# Honda GX140 Blowing Blue Smoke After Running for a While



## BigDeeBee (Nov 24, 2020)

I currently have, in my possession, a Honda (EM2200x, I believe) generator with a GX140 engine. A customer brought it over complaining that it starts fine, then dies, and smokes a lot. The first thing I did was check the oil. When I pulled the dipstick, the crankcase was overfull with gas. I believe this was due to it being transported without shutting off the fuel. (I've heard that's a common issue with these engines) So I drained the gas from the crankcase and refilled it with Valvoline 10w-40 atv/utv oil. (Manual calls for 10w40 for a wider temperature range) I went ahead and cleaned the carb. Not surprisingly, it was a bit plugged. I put it back together and it fired right up and ran/runs fine.

Now onto the issue: The blue smoke
Initially, I thought the smoke was due to the crankcase being well overfull with gas and oil. However, the issue persisted after draining and refilling with fresh oil. I filled it to the top mark on the dipstick, and fired it up. It ran fine for about 30 seconds to a minute, then started blowing blue smoke pretty heavily. So the next thing I did was grab a turkey baster and suck out some of the oil (to about the halfway mark on the dipstick) to double check that it wasn't an issue with too much oil in the crankcase. I've tried running it a few times and each time, it runs fine without smoking, then it warms up and starts blowing blue smoke. It's clearly burning oil, but I'm looking for opinions as to why. I'd imagine it's either the piston rings or the valve guides, but I'd like to tear into the right thing the first time. What are your guys' guesses? Rings or guides? Could it possibly be a valve clearance issue? (And by when it warms up, I mean for about a minute maybe a little more, not fully up to operating temp)

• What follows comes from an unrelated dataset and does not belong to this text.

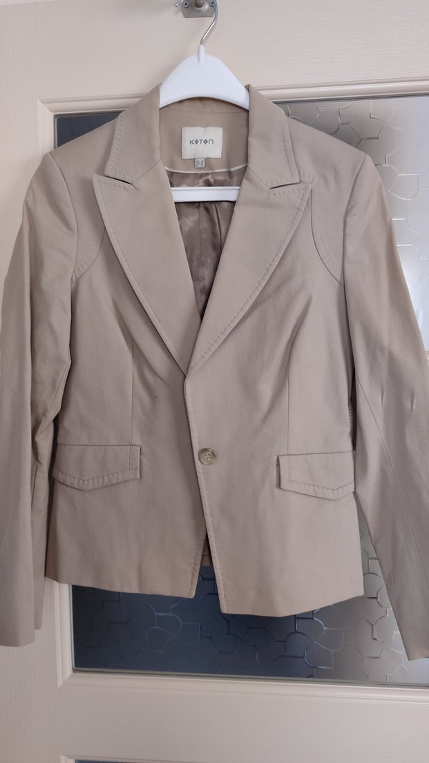 Düğmeli, bej renk kadın deri blazer ceket. Normal kesim, uzun kollu ve midi boydadır. Ofis ve günlük kullanıma uygundur.

I did a little looking, and it seems that either issue would be about the same cost in parts. I don't have a compression tester so I couldn't tell you what it tests at, I could possibly borrow my buddy's, but it feels good and strong. I put a small amount of oil in the cylinder and pulled it over (after running and noticing the problem, not before) and it felt about the same.

I also found a post somewhere about it possibly being a breather issue, and the guys there said to try running it without the air cleaner to troubleshoot this, but it made no difference here.

Anyways, any help would be appreciated before I go tearing into it.
(Any other troubleshooting techniques would also be appreciated)


----------



## Milton Fox Racing (May 27, 2014)

More than likely it is either the rings or guides but you didnt mention anything about the fuel being used. Is it the correct type? Old or fresh?


----------



## BigDeeBee (Nov 24, 2020)

Milton Fox Racing said:


> More than likely it is either the rings or guides but you didnt mention anything about the fuel being used. Is it the correct type? Old or fresh?


Fresh premium gasoline. 91 octane rating I believe.


----------



## paulr44 (Oct 14, 2008)

The breather is a simple reed valve. Try running it without the air filter, as if it's oil saturated that's a problem.


----------